Present results suggest that mesenchymal CTCs are not only associated with HCC recurrence but is also helpful in the prediction of early recurrence. Therefore, examination of peripheral mesenchymal CTCs in postoperative HCC patients can be a good secondary indicator in monitoring the prognosis of HCC patients, especially when traditional monitoring methods cannot provide evidence for the diagnosis. This method could improve the early diagnosis of postoperative HCC recurrence, facilitate early personalized interventions in postoperative patients with positive results for mesenchymal CTCs, and prolong their survival.21,29 In addition, CTCs of different subtypes have different properties and show different responses to the same treatment.30 So, for HCC patients who are postoperatively positive for mesenchymal CTCs, we can eliminate mesenchymal CTCs in the peripheral blood via chemotherapy and other treatments to effectively block the formation of recurrence after surgery and thereby achieve the early prevention of HCC recurrence.31This finding may provide new ideas for the development of new medicines that act on mesenchymal CTCs. Therefore, in future studies, we will also focus on drugs that can effectively reduce CTCs in the peripheral blood of patients with HCC to prevent early recurrence.

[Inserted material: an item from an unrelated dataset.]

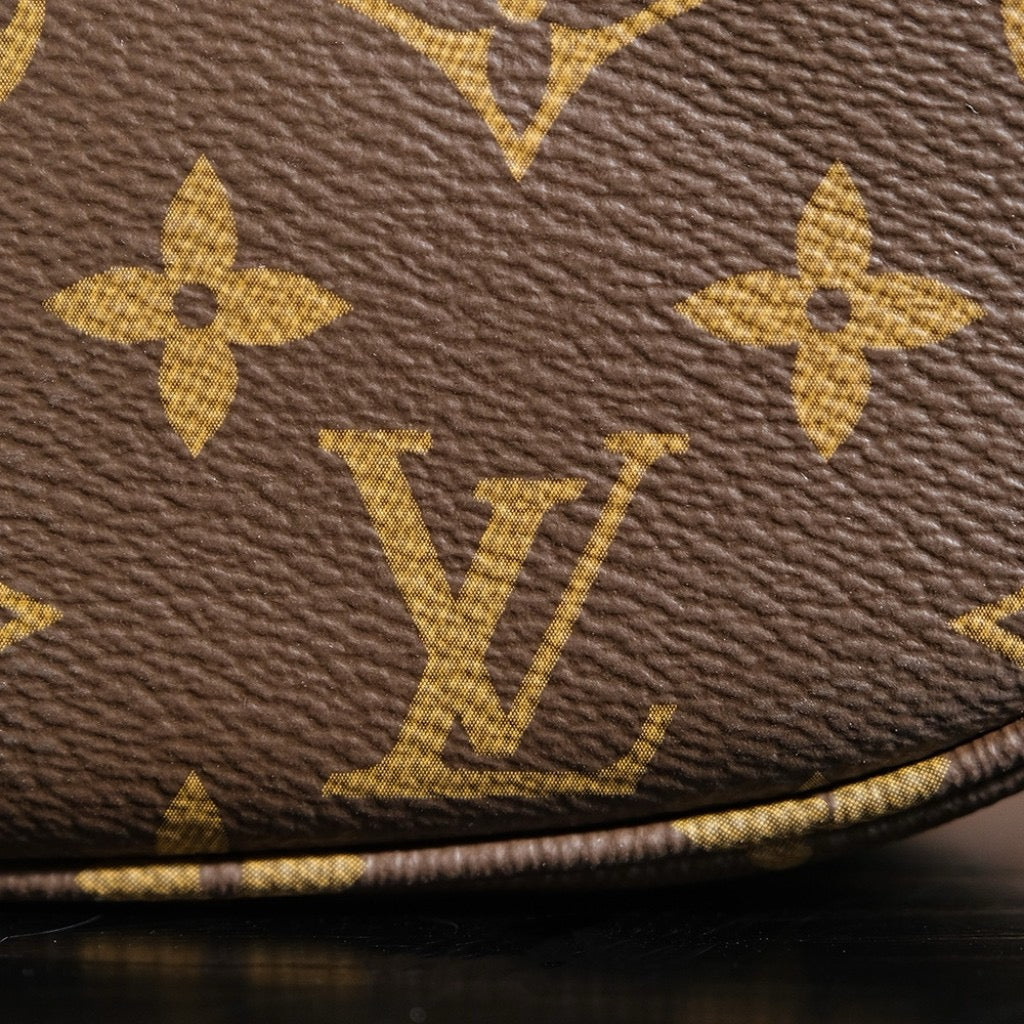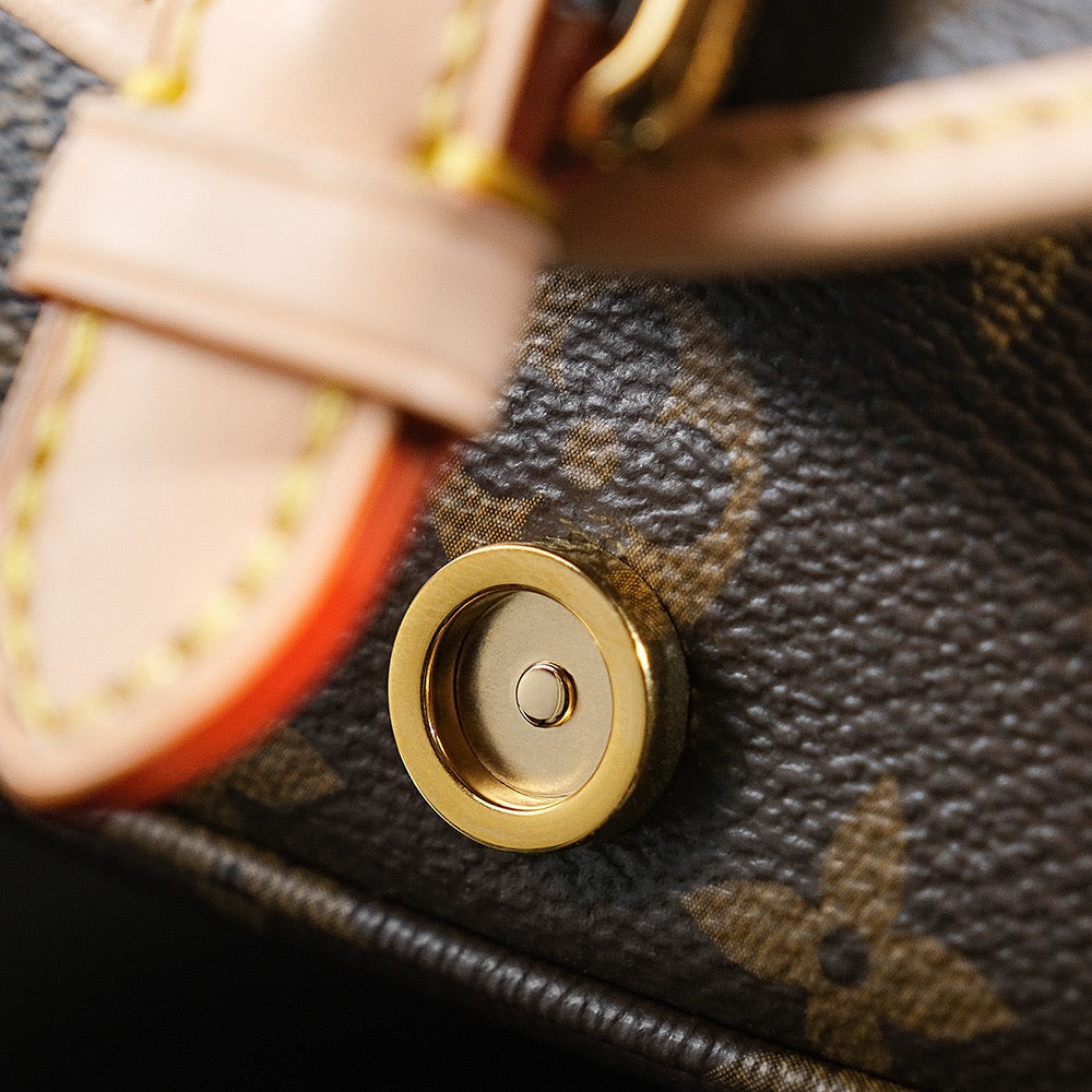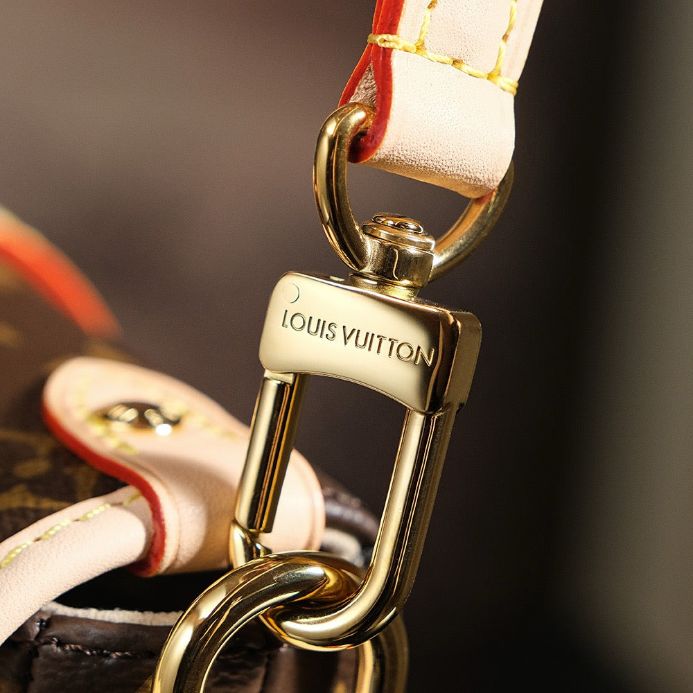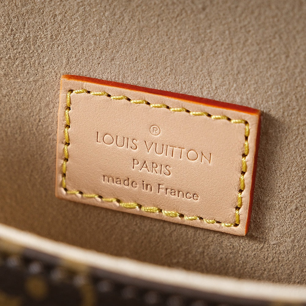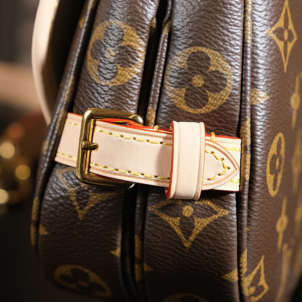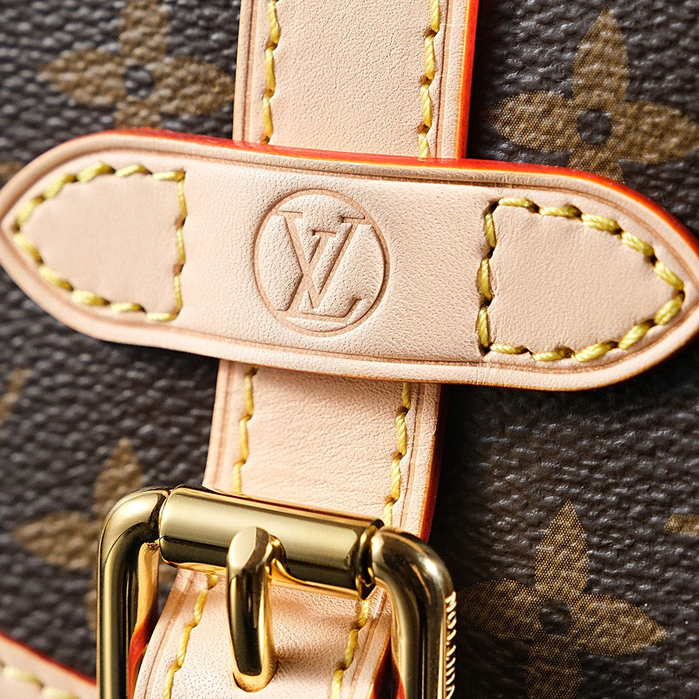 소뮈르 BB는 프랑스 승마 문화를 연상시키는 디자인으로, 전면과 후면이 대칭 구조로 구성된 독특한 쉐입이 특징입니다. 루이비통의 시그니처 모노그램 캔버스와 소가죽 트리밍이 고급스러움을 더하며, 양쪽에 위치한 버클 플랩 클로저는 유니크한 포인트가 됩니다.

As described above, CTCs detected after radical resection of a tumor might be derived from two sources: (1) CTCs that were preoperatively present in peripheral blood and (2) CTCs produced when tumor cells were torn from tumor foci and released into the circulating blood due to mechanical stimulation of these foci and changes in the environment of the body during surgery. And the formation of recurrent lesions is related to both the body’s immune status and the invasive ability of CTCs per se. In conjunction with our study results, it indicates that mesenchymal CTCs may largely arise from a CTC subtype with strong invasion and colonization capabilities. Therefore, we will further study the functional characteristics and properties of mesenchymal CTCs in HCC to elucidate the underlying role of mesenchymal CTCs in the molecular mechanism of recurrent foci formation in HCC. On the basis of this study, we will conduct a prospective, multicenter clinical study to further validate the relationship between mesenchymal CTCs and HCC prognosis and further analyze the effects of surgical procedure on CTC phenotypes and quantities to optimize the surgical procedure.

Conclusions

In conclusion, we found that postoperative total CTCs, mixed CTCs, and mesenchymal CTCs count was significantly higher in recurrence patients of hepatocellular carcinoma than in non-recurrence patients, and there is no difference in postoperative epithelial CTC counts between the two groups. Furthermore, we demonstrated that postoperative mesenchymal CTC-positive in the peripheral blood indicates early recurrence of hepatocellular carcinoma after curative resection. Monitoring postoperative mesenchymal CTCs may be a promising predictor of early recurrence of HCC, and eradicating these cells might open a therapeutic avenue toward preventing HCC recurrence.